Email automation
Email automation for youth care: a Utrecht case study
On a Tuesday at 08:12 the operations lead opens her inbox and finds 312 referrer emails from the weekend. The week before, the agent handled 1,420.

On a Tuesday morning at 08:12 the operations lead at a 27-person jeugdzorginstelling in Utrecht opens her inbox and finds 312 referrer emails from the weekend. Some are from huisartsen. Two are from a wijkteam. One, buried fourteen messages deep, is a melding from a school internal counsellor describing a sixteen-year-old who showed up with bruises she could not explain. The team rule is: that message needs to be in front of a gedragswetenschapper within thirty minutes. It has been sitting unread for forty-one hours.
That was the situation when we started. Twelve months later the same operations lead opens her Tuesday inbox and finds zero unread items. The agent has triaged 1,420 emails over the week, drafted 1,118 ontvangstbevestigingen, parked 23 messages in a gedragswetenschapper-queue, and asked a human for a decision on 39 edge cases. The bruises-message would now reach a behavioural scientist in under four minutes.

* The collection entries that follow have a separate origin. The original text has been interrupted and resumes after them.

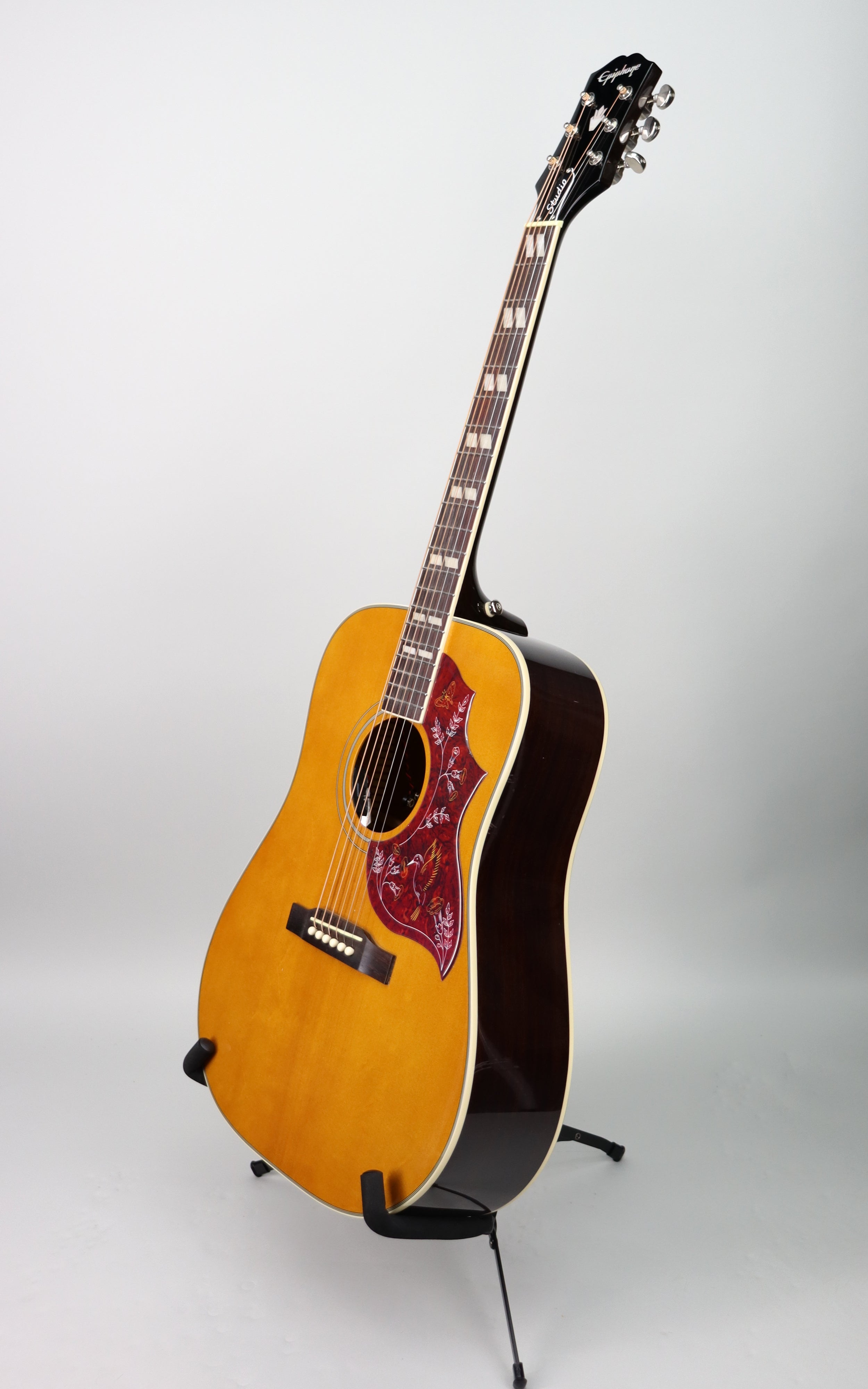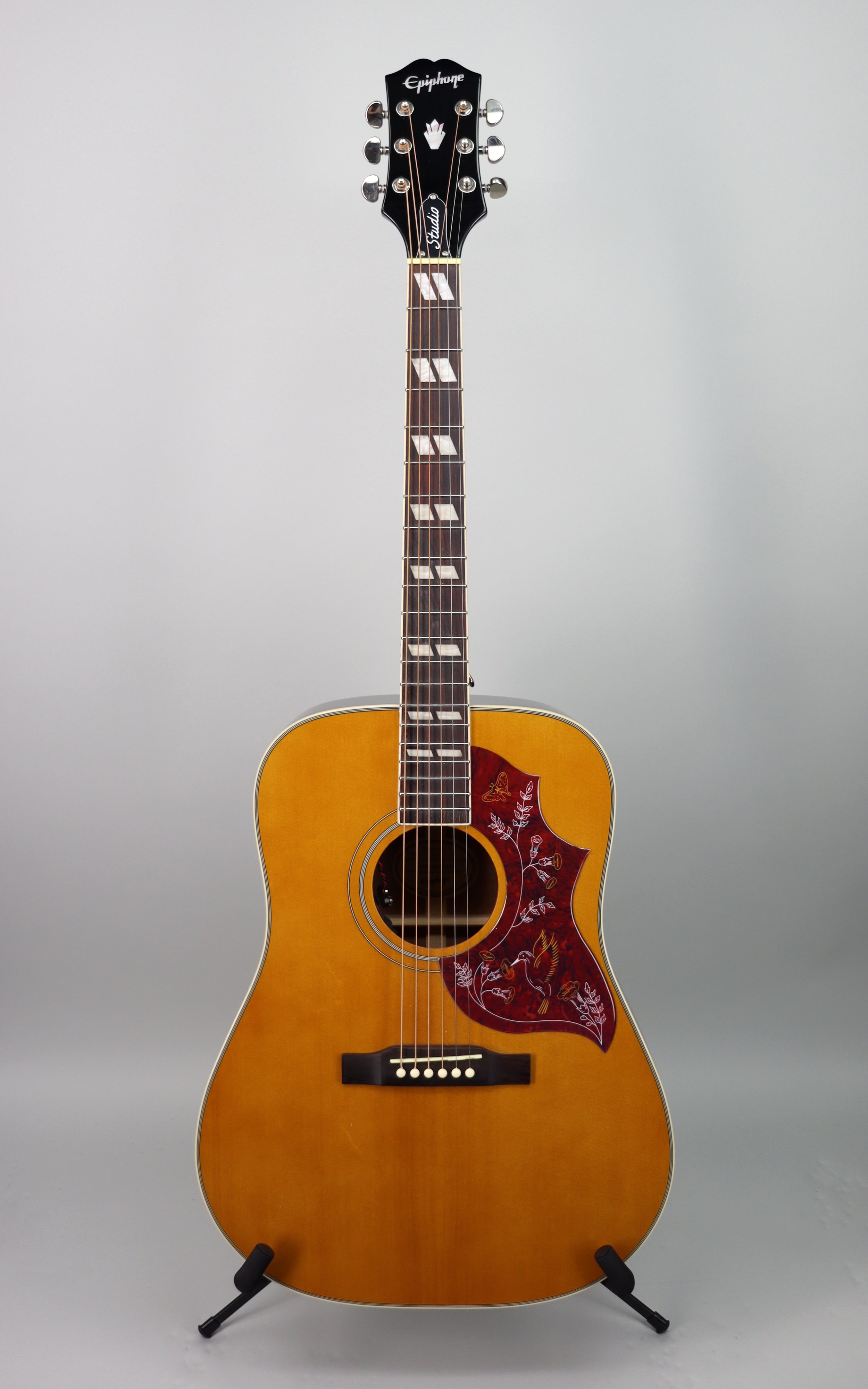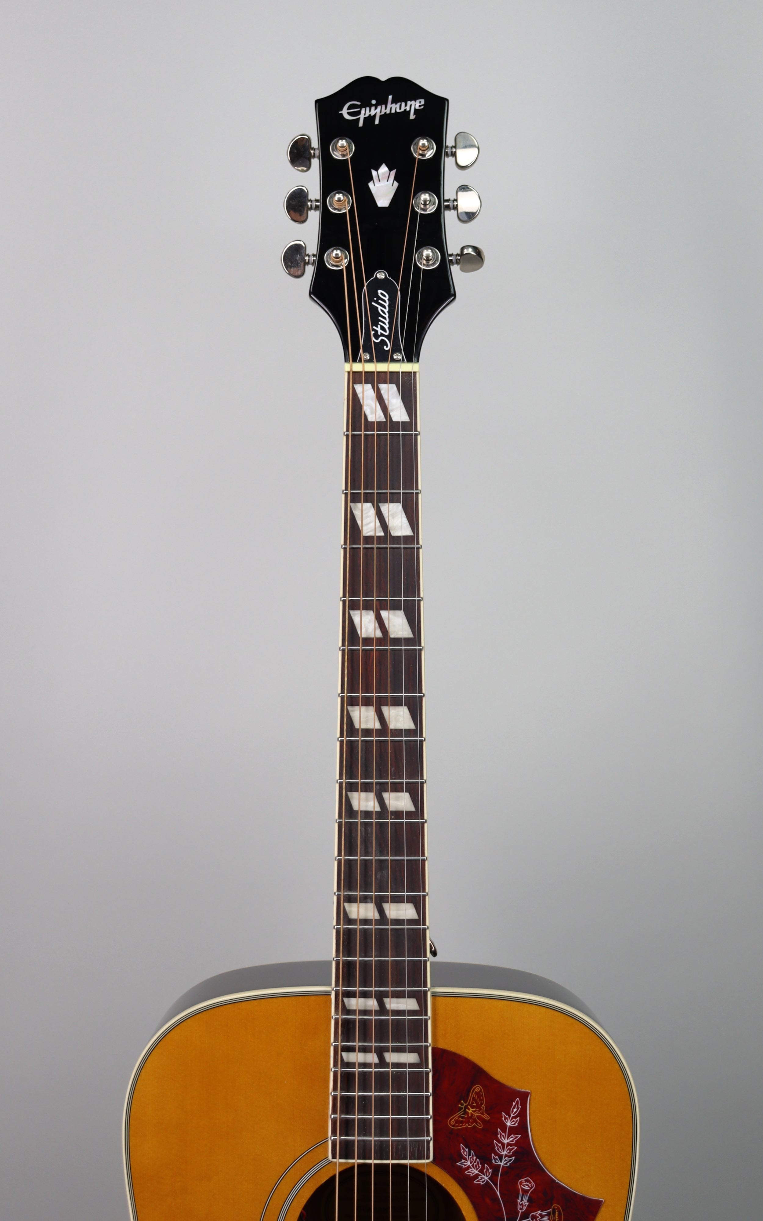 The Epiphone Hummingbird Studio in Antique Natural offers a vintage-inspired aesthetic and stage-ready acoustic-electric performance wrapped into one dynamic instrument. Designed to deliver the big, balanced tone associated with the original Hummingbird silhouette, this model pairs a solid spruce top with layered mahogany back and sides for excellent projection and clarity. With a comfortable Rounded “C” mahogany neck, Grover tuners, and built-in Fishman electronics, this guitar is ideal for songwriters, performers and serious players looking for classic looks and modern utility in one package.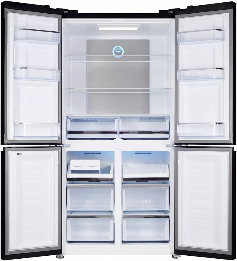 холодильник-морозильник Side-by-Side отдельностоящий, 542 л, класс энергопотребления А++, No Frost, 91,1х70,6х183 см, черный перламутр стекло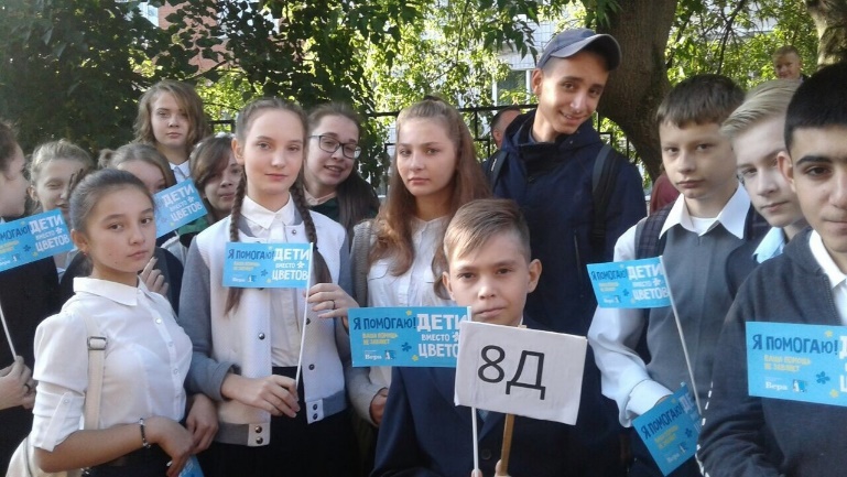 Сегодня всё больше детей приходят без цветов. Они и их семьи тоже «участники акции», но внесли в неё свои коррективы – никому они ничем не помогают. Они просто - без цветов.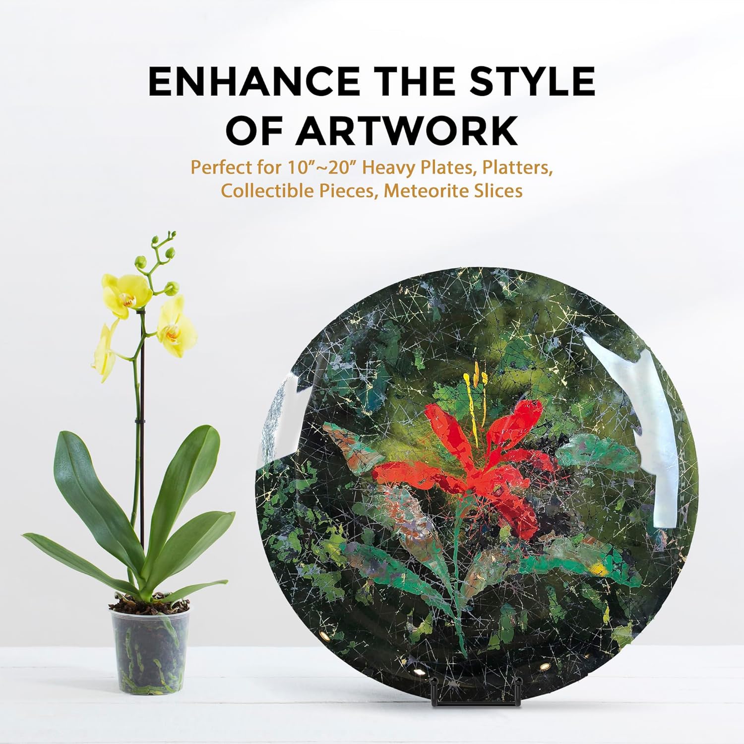 • CHOOSE YOUR LARGE STAND: - This 10 inch plate stand features a sturdy 2.5" deep lip, a 10° tilt angle, and a 4" widened design with a 5.3mm wire diameter, making it perfect for securely holding items ranging from 10" to 30" in size and up to 20 lbs in weight, such as heavy and thick plates, frames, and artwork. (3 Pack)

This is the engineering story behind that change. Some of it is boring. Most of the value came from the boring parts.
The shape of the problem
Jeugdzorg in the Netherlands runs on referrer correspondence. A huisarts emails a vraag, a wijkteam forwards a melding, a school sends a zorgsignaal, a Veilig Thuis officer asks for an update on an open dossier. Every one of those emails has a different intake path, a different urgency, and a different legal clock attached to it. Under Jeugdwet artikel 7.3.8 a jeugdhulpaanbieder must register the cliënt's information correctly and within reasonable time of receipt, which the inspectorate reads in practice as the same working day.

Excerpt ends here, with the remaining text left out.